WORK TO COMPLETE -> Return the lines of the data below starting at the one holding "- Independent Switch" and ending at the one holding "Gold Dipped Pearl", word for word, leaving every picture out.
*** DATA FOR THIS EXERCISE Section Begins ***
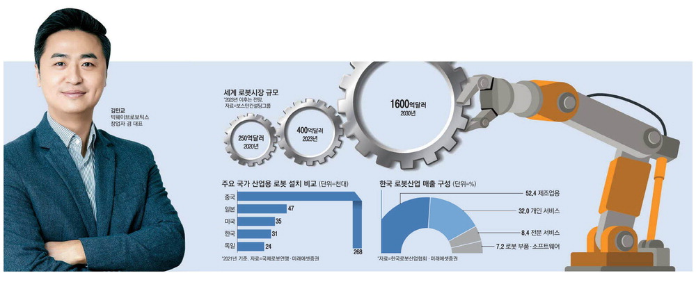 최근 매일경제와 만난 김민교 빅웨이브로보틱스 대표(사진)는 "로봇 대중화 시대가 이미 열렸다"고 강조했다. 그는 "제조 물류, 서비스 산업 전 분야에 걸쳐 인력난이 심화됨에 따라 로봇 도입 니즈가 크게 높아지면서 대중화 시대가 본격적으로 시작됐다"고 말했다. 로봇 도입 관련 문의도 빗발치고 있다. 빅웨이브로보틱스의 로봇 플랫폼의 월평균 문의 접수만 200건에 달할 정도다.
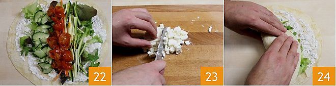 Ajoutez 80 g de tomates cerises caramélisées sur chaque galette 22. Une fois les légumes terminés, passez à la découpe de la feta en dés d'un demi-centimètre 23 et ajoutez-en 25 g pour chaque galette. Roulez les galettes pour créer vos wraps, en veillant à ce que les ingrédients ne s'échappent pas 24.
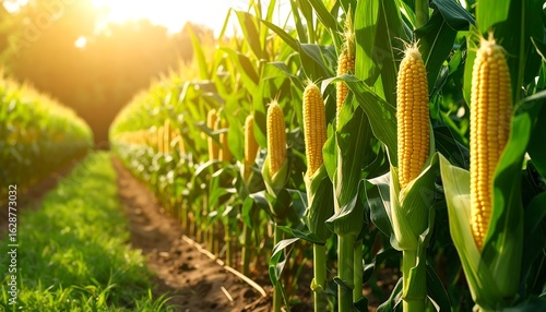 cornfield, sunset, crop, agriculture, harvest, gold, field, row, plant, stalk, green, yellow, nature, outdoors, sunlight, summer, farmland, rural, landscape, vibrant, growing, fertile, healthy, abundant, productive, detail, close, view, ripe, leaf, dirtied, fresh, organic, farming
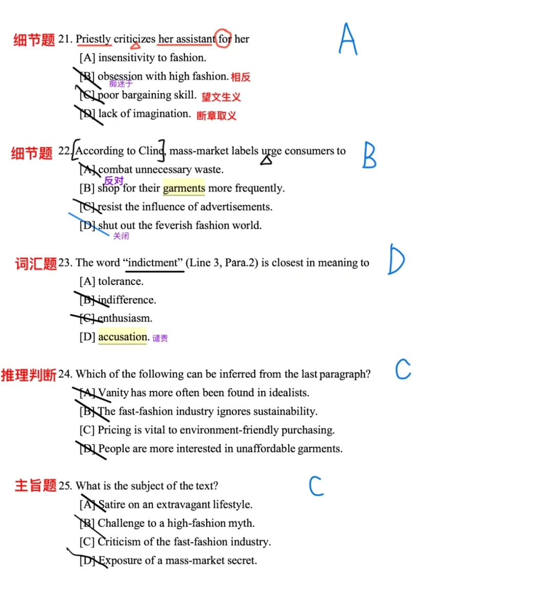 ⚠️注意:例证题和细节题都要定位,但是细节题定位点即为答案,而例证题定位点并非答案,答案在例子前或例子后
*** DATA FOR THIS EXERCISE Section Ends ***
*** DATA FOR THIS EXERCISE Section Begins ***
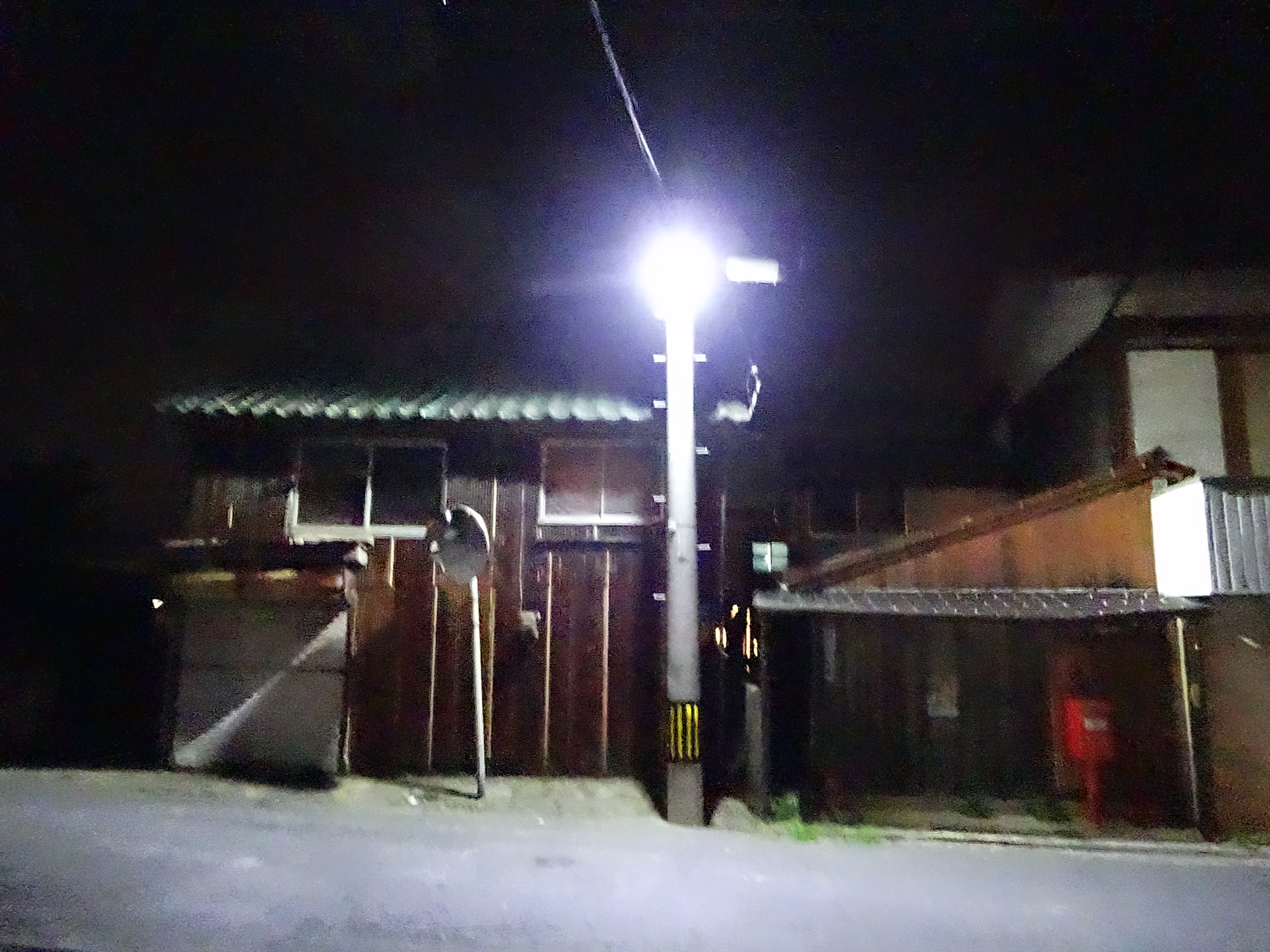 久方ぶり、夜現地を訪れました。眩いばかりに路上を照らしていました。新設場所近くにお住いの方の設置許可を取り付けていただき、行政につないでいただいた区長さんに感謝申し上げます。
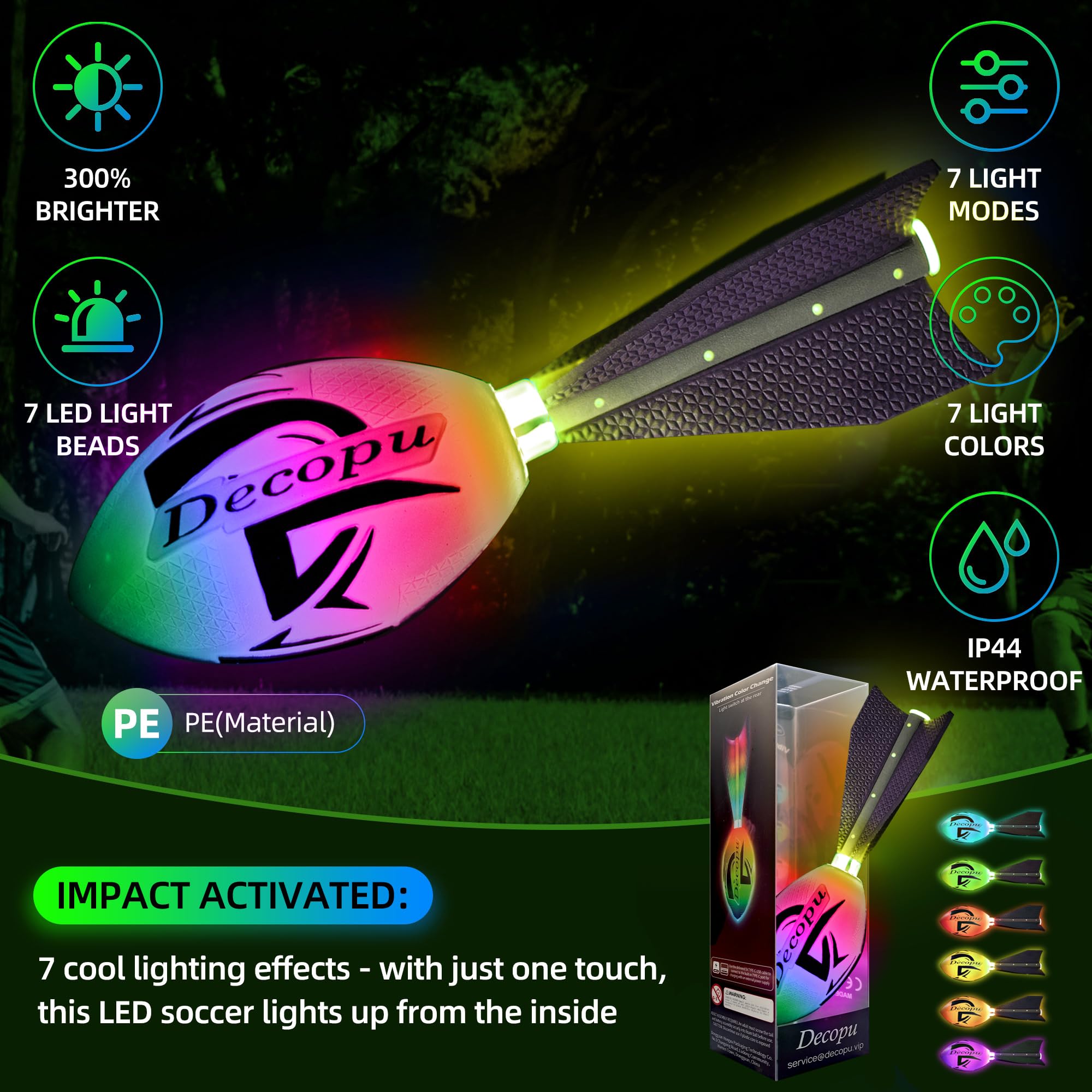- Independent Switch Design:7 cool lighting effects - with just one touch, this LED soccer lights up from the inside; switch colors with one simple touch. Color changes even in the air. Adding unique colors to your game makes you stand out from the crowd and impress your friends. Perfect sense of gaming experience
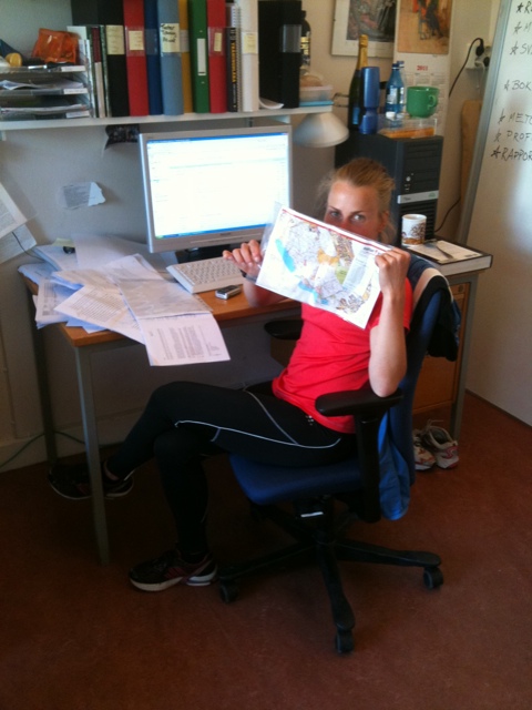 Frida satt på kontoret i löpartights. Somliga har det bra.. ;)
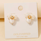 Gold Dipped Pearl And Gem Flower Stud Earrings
*** DATA FOR THIS EXERCISE Section Ends ***
ANSWER ->
- Independent Switch Design:7 cool lighting effects - with just one touch, this LED soccer lights up from the inside; switch colors with one simple touch. Color changes even in the air. Adding unique colors to your game makes you stand out from the crowd and impress your friends. Perfect sense of gaming experience
 Frida satt på kontoret i löpartights. Somliga har det bra.. ;)
 Gold Dipped Pearl And Gem Flower Stud Earrings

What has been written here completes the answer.